__Exercise__
Give the lines again exactly as they appear below, from the line with "该应通信指挥车是为应对自然灾" to the line with "Ihopfällbar stol i", both included, and only those lines. Leave every picture out.
━━━━━ Records for the exercise
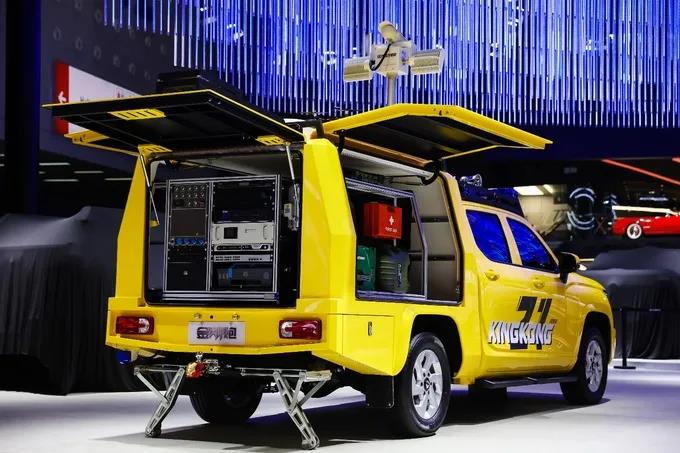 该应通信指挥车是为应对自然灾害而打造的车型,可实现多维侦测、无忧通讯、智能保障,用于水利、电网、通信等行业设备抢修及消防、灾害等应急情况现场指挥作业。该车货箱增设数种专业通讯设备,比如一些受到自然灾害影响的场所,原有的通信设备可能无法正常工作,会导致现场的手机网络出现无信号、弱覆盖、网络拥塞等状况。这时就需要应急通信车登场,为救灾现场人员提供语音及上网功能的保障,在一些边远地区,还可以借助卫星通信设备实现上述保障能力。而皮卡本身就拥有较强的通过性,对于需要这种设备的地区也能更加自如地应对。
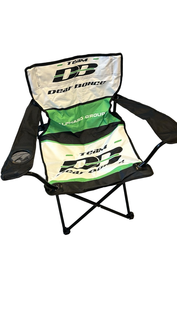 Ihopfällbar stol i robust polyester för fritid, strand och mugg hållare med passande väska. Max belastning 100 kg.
━━━━━━━━━━
━━━━━ Records for the exercise
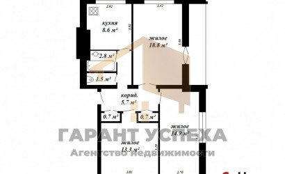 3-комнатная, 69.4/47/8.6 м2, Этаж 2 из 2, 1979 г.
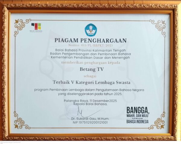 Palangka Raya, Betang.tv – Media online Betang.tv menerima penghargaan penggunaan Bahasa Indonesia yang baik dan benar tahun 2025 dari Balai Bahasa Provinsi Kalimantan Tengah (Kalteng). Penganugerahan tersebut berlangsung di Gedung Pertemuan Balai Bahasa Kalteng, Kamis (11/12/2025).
━━━━━━━━━━
━━━━━ Records for the exercise
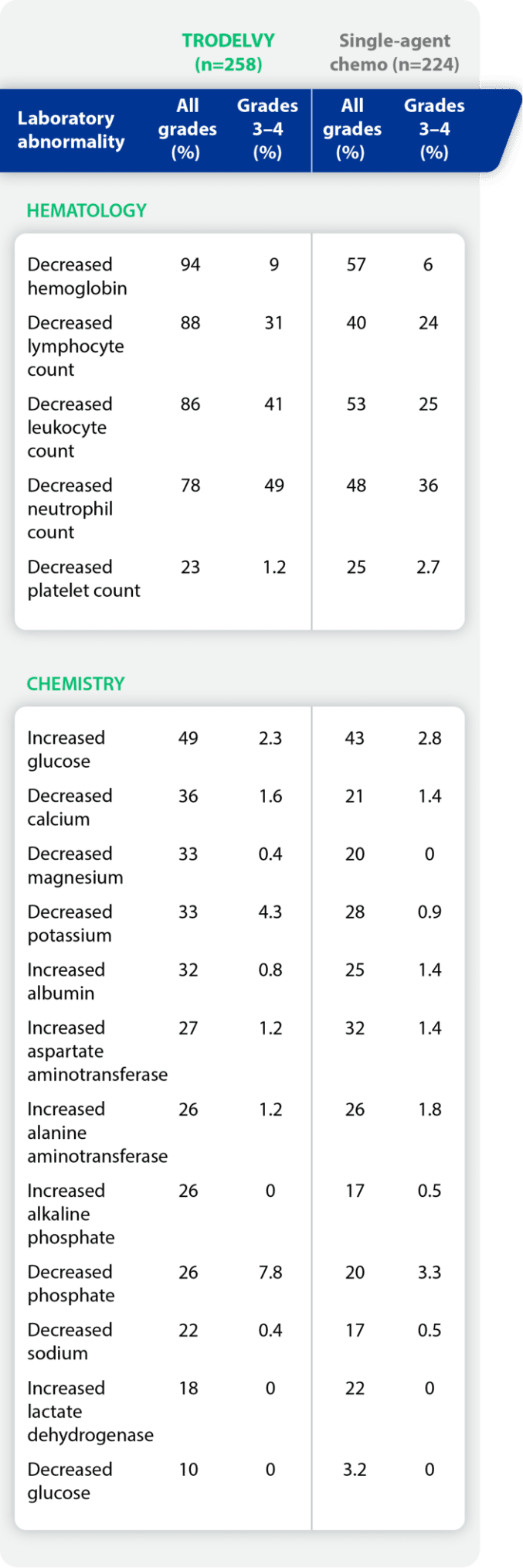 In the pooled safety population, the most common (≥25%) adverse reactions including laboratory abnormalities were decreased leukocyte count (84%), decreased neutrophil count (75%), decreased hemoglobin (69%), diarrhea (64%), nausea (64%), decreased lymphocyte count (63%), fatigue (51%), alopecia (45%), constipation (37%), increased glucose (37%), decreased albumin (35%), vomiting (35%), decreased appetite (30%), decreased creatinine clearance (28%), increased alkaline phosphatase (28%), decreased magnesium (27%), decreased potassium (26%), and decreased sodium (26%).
━━━━━━━━━━
__The completed task__
 该应通信指挥车是为应对自然灾害而打造的车型,可实现多维侦测、无忧通讯、智能保障,用于水利、电网、通信等行业设备抢修及消防、灾害等应急情况现场指挥作业。该车货箱增设数种专业通讯设备,比如一些受到自然灾害影响的场所,原有的通信设备可能无法正常工作,会导致现场的手机网络出现无信号、弱覆盖、网络拥塞等状况。这时就需要应急通信车登场,为救灾现场人员提供语音及上网功能的保障,在一些边远地区,还可以借助卫星通信设备实现上述保障能力。而皮卡本身就拥有较强的通过性,对于需要这种设备的地区也能更加自如地应对。
 Ihopfällbar stol i robust polyester för fritid, strand och mugg hållare med passande väska. Max belastning 100 kg.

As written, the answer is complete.